#### Given material
⟨

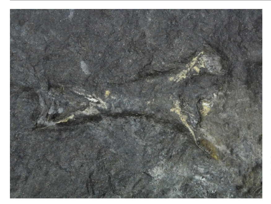
Figure 8. Vertebrate bone, Doolin Pier. Length of bone = 1 cm

use of a reconstructed Pennsylvanian tetrapod image (courtesy of Scottish Museums) which gave life to the otherwise insignificant looking material (Fig.8).
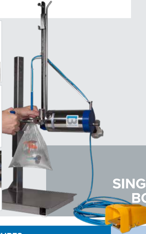
TABLE-TOP SINGLE CLIPPER BCS-700SC-H

⟩

#### Required work
The entire listing above is to be copied exactly, with all pictures omitted.

#### Solution
Figure 8. Vertebrate bone, Doolin Pier. Length of bone = 1 cm

use of a reconstructed Pennsylvanian tetrapod image (courtesy of Scottish Museums) which gave life to the otherwise insignificant looking material (Fig.8).
TABLE-TOP SINGLE CLIPPER BCS-700SC-H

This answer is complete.